> [AVAILABLE DATA]
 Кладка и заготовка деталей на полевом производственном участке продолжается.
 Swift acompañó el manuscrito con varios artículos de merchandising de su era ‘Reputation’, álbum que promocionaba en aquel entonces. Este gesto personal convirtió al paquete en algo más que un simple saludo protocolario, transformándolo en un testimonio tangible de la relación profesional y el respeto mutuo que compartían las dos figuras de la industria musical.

...

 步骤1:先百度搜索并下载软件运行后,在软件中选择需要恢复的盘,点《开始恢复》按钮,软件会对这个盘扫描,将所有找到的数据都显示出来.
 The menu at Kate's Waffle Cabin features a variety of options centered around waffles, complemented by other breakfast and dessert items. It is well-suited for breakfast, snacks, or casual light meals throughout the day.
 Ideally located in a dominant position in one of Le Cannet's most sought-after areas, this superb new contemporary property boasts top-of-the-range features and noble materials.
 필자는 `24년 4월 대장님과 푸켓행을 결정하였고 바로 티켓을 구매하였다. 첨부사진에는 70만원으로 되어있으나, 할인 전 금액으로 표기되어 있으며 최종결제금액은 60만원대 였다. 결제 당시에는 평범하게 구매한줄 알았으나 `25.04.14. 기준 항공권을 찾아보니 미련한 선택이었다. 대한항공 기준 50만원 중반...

> [TRY IT]
Where a line in the entries holds "features", copy that line.

> [EXERCISE OUTPUT]
 The menu at Kate's Waffle Cabin features a variety of options centered around waffles, complemented by other breakfast and dessert items. It is well-suited for breakfast, snacks, or casual light meals throughout the day.
 Ideally located in a dominant position in one of Le Cannet's most sought-after areas, this superb new contemporary property boasts top-of-the-range features and noble materials.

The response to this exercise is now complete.